Entries follow. Give back exactly the lines starting at the one containing "Полосу подготовила Татьяна ПАВЛОВА." and ending at the one containing "В ПОНЕДЕЛЬНИК в", and no other lines.

DATA SHOWN START

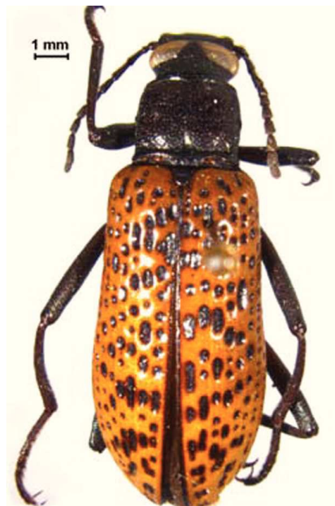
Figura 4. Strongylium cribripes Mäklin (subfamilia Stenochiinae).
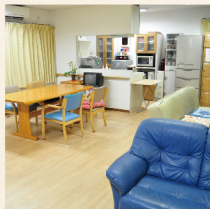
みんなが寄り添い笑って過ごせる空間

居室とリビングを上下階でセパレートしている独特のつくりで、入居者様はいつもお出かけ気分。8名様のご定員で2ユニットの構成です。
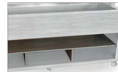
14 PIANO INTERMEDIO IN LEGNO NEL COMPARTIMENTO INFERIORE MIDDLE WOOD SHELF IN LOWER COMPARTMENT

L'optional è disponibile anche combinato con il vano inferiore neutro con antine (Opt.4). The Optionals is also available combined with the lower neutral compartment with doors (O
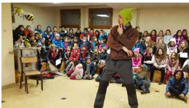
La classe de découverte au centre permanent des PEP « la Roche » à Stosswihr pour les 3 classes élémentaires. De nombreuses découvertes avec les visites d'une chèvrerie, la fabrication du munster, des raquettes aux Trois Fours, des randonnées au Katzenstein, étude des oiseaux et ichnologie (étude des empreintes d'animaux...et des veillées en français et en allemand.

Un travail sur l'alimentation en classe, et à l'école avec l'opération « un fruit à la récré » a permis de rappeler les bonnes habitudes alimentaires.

DATA SHOWN END
DATA SHOWN START

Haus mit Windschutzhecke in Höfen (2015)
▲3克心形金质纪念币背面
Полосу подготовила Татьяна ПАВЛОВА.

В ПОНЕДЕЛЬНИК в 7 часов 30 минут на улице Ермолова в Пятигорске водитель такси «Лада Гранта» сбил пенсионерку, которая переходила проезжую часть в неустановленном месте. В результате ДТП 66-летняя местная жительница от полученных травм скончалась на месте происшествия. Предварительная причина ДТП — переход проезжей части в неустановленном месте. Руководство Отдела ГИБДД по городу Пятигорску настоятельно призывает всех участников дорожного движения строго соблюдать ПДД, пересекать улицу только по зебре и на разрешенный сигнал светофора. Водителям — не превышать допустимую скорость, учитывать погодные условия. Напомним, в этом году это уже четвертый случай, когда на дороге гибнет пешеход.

DATA SHOWN END
DATA SHOWN START

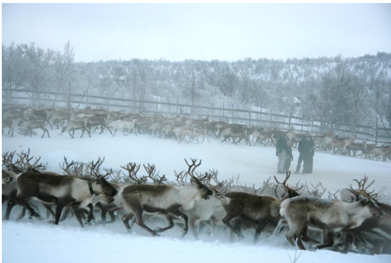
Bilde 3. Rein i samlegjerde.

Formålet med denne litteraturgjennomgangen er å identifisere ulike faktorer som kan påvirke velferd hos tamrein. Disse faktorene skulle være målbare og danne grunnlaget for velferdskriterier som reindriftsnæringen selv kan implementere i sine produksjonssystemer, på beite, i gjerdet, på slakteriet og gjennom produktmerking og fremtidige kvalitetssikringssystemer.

DATA SHOWN END

> **EXPECTED OUTPUT**
Полосу подготовила Татьяна ПАВЛОВА.

В ПОНЕДЕЛЬНИК в 7 часов 30 минут на улице Ермолова в Пятигорске водитель такси «Лада Гранта» сбил пенсионерку, которая переходила проезжую часть в неустановленном месте. В результате ДТП 66-летняя местная жительница от полученных травм скончалась на месте происшествия. Предварительная причина ДТП — переход проезжей части в неустановленном месте. Руководство Отдела ГИБДД по городу Пятигорску настоятельно призывает всех участников дорожного движения строго соблюдать ПДД, пересекать улицу только по зебре и на разрешенный сигнал светофора. Водителям — не превышать допустимую скорость, учитывать погодные условия. Напомним, в этом году это уже четвертый случай, когда на дороге гибнет пешеход.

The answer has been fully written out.